→ What is required: From start to end, write out the following data exactly, apart from its images.

→ Exercise input:

- - -

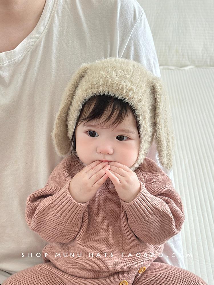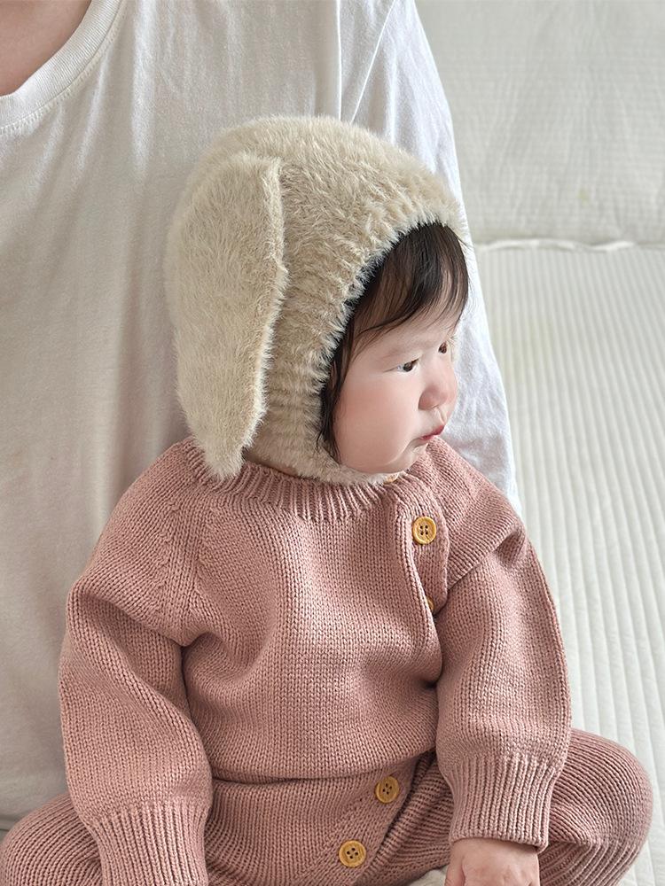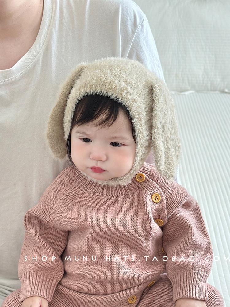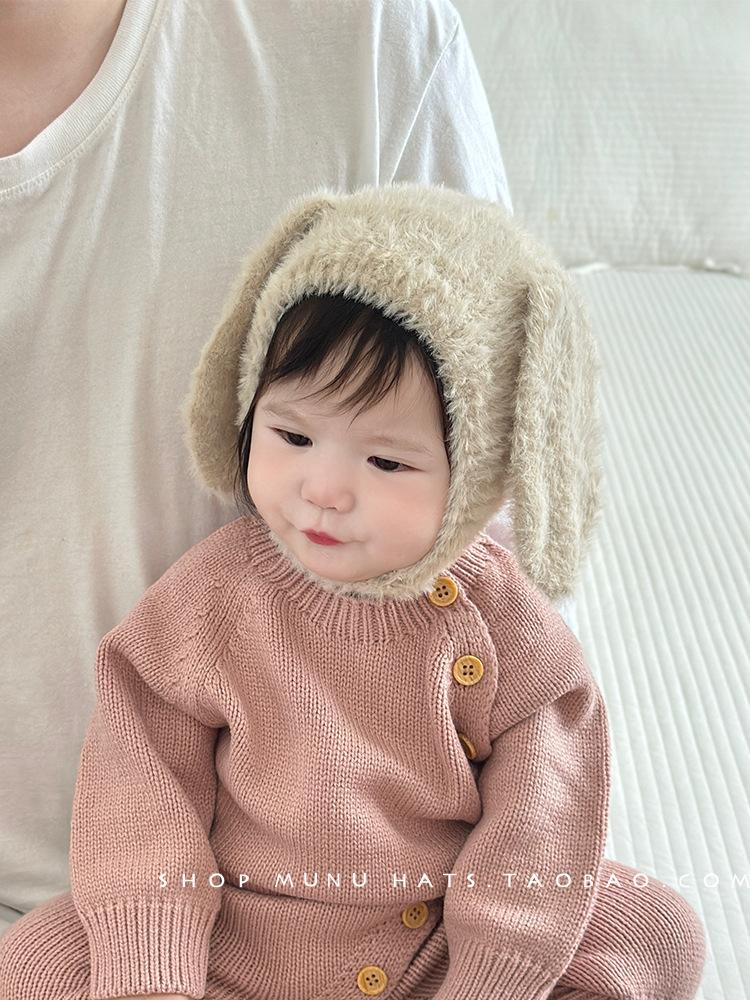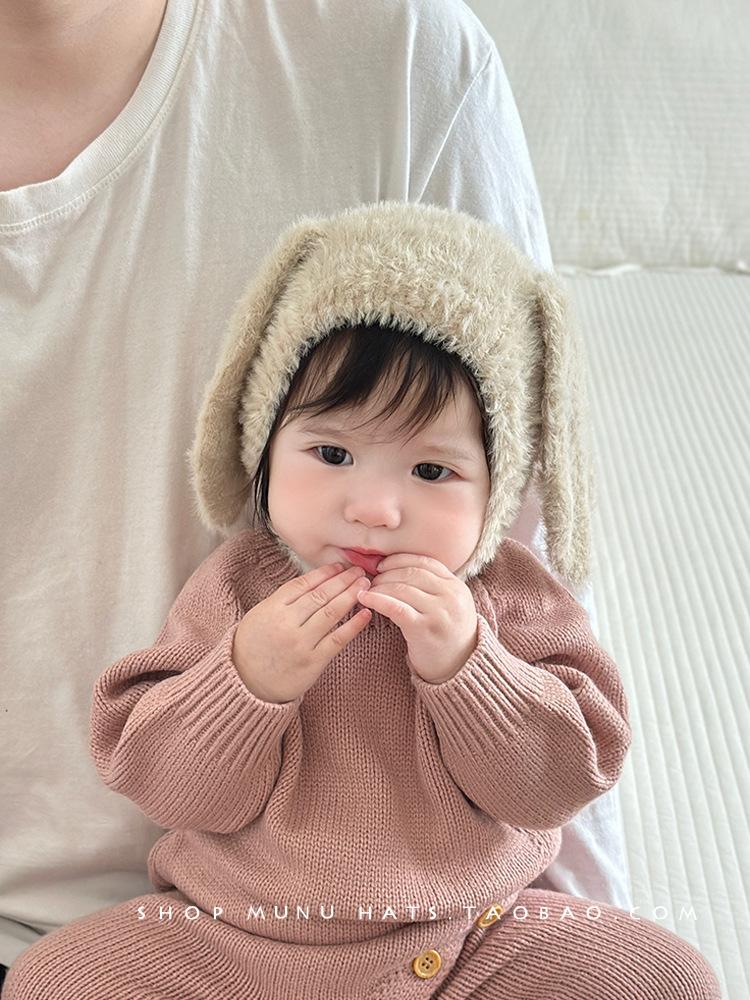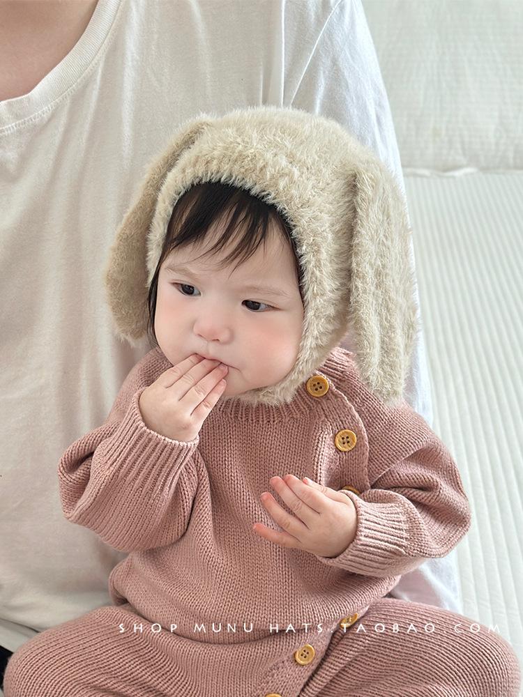 Gorro de lana para bebé, de otoño e invierno, con orejas de conejo de estilo coreano, de felpa, protector para los oídos, de punto grueso y cálido.
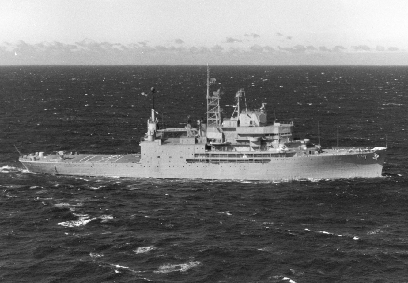 Underway on 14 October 1964 after her two year TYPHON conversion at the Maryland Shipbuilding and Drydock Co. in Baltimore. Note the tower for the AN/SPG-59 electronically scanned phased array radar that was part of that combat system.
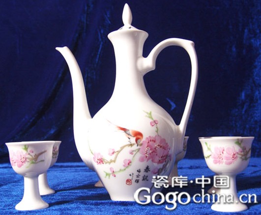 这套酒具由一只酒壶和六只酒杯组成,壶身和杯身都手绘着桃花,壶身背面题有“风来花自笑,枝上鸟鸣和”得诗句,起到好处的把这酒杯的意境淋漓的描绘了出来,体现出该套酒具的高贵,是赠送朋友、客户、领导的最佳礼品。
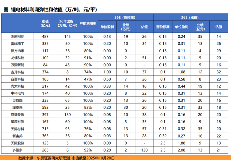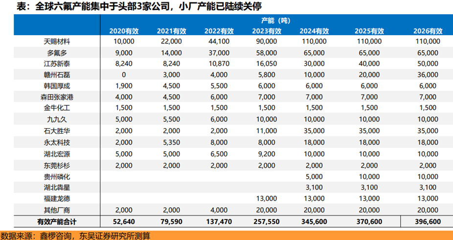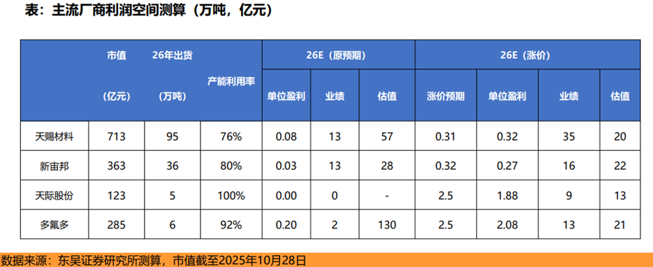 头部玩家挺价意愿强烈,25-26年除天际、石磊外,均无新增产能投产,行业供需拐点明确。天赐产能25、26年预计产能保持稳定,有3万吨产能不计划投产,多氟多25、26年无新增产能,天际当前满产,26年有扩产计划,预计新增1万吨,石磊预计由2万吨扩产至3.6万吨,其余厂商暂无扩产计算,且小厂由于成本较高陆续退出,头部市占率将继续提升。
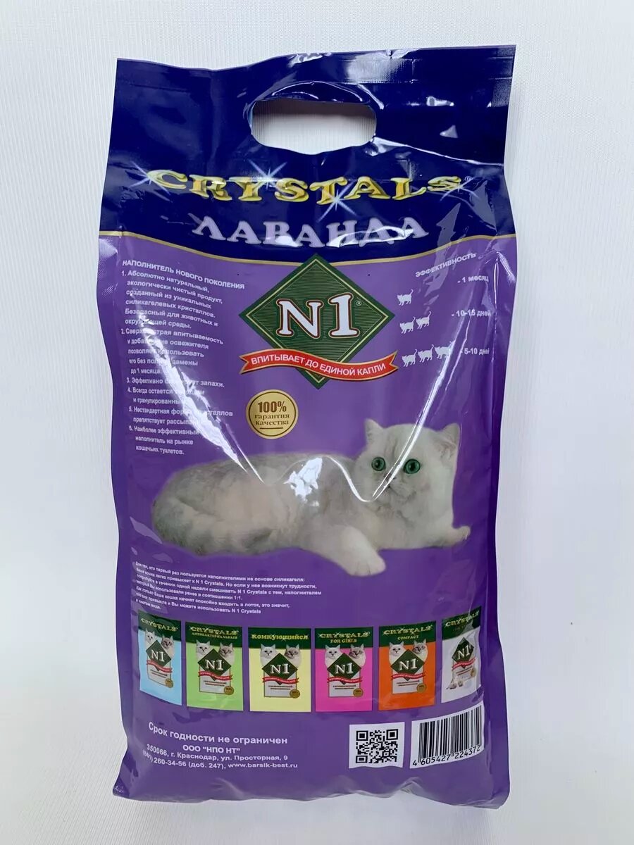 Наполнитель N1 Crystals для кошачьего туалета LAVENDER Силикагель 12,5л (Пакет для лотка В подарок, внутри упаковки)
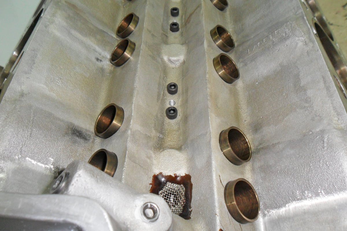 The “low-shock” design changes the way it opens and closes the valves, while maintaining intensity, to reduce shock loads on the valvetrain. The camshaft was ground with a lobe separation of 107 degrees with a 265- degree intake and 275-degree exhaust duration at.050 inch of lift, with a .750-inch of valve lift. The lifter bores were bushed for .930-inch diameter Crower solid-roller lifters which have a .850-inch diameter wheel. The lifters had been replaced in the last refresh, so they were reused.
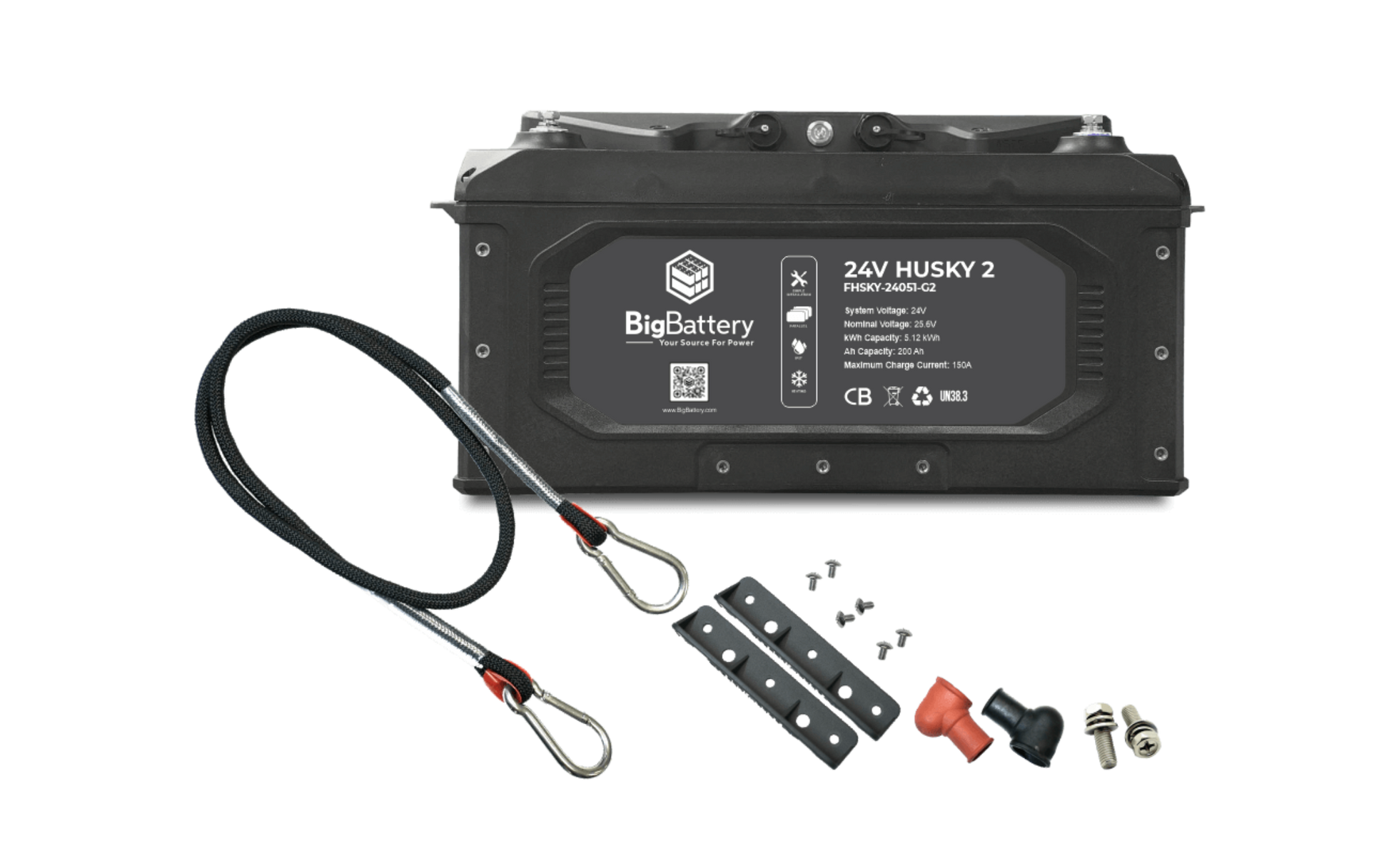 SECOND GENERATION POWER STORAGE IS HERE! This 24V 5.12kWh LiFePO4 HUSKY 2 Kit is the latest and greatest from BigBattery, providing a robust solution, with unmatched reliability and efficiency, for any off-grid power system, emergency backup, or mobile power setup in your RV or camper van.

- - -

→ Response to the task:
 Gorro de lana para bebé, de otoño e invierno, con orejas de conejo de estilo coreano, de felpa, protector para los oídos, de punto grueso y cálido.
 Underway on 14 October 1964 after her two year TYPHON conversion at the Maryland Shipbuilding and Drydock Co. in Baltimore. Note the tower for the AN/SPG-59 electronically scanned phased array radar that was part of that combat system.
 这套酒具由一只酒壶和六只酒杯组成,壶身和杯身都手绘着桃花,壶身背面题有“风来花自笑,枝上鸟鸣和”得诗句,起到好处的把这酒杯的意境淋漓的描绘了出来,体现出该套酒具的高贵,是赠送朋友、客户、领导的最佳礼品。
 头部玩家挺价意愿强烈,25-26年除天际、石磊外,均无新增产能投产,行业供需拐点明确。天赐产能25、26年预计产能保持稳定,有3万吨产能不计划投产,多氟多25、26年无新增产能,天际当前满产,26年有扩产计划,预计新增1万吨,石磊预计由2万吨扩产至3.6万吨,其余厂商暂无扩产计算,且小厂由于成本较高陆续退出,头部市占率将继续提升。
 Наполнитель N1 Crystals для кошачьего туалета LAVENDER Силикагель 12,5л (Пакет для лотка В подарок, внутри упаковки)
 The “low-shock” design changes the way it opens and closes the valves, while maintaining intensity, to reduce shock loads on the valvetrain. The camshaft was ground with a lobe separation of 107 degrees with a 265- degree intake and 275-degree exhaust duration at.050 inch of lift, with a .750-inch of valve lift. The lifter bores were bushed for .930-inch diameter Crower solid-roller lifters which have a .850-inch diameter wheel. The lifters had been replaced in the last refresh, so they were reused.
 SECOND GENERATION POWER STORAGE IS HERE! This 24V 5.12kWh LiFePO4 HUSKY 2 Kit is the latest and greatest from BigBattery, providing a robust solution, with unmatched reliability and efficiency, for any off-grid power system, emergency backup, or mobile power setup in your RV or camper van.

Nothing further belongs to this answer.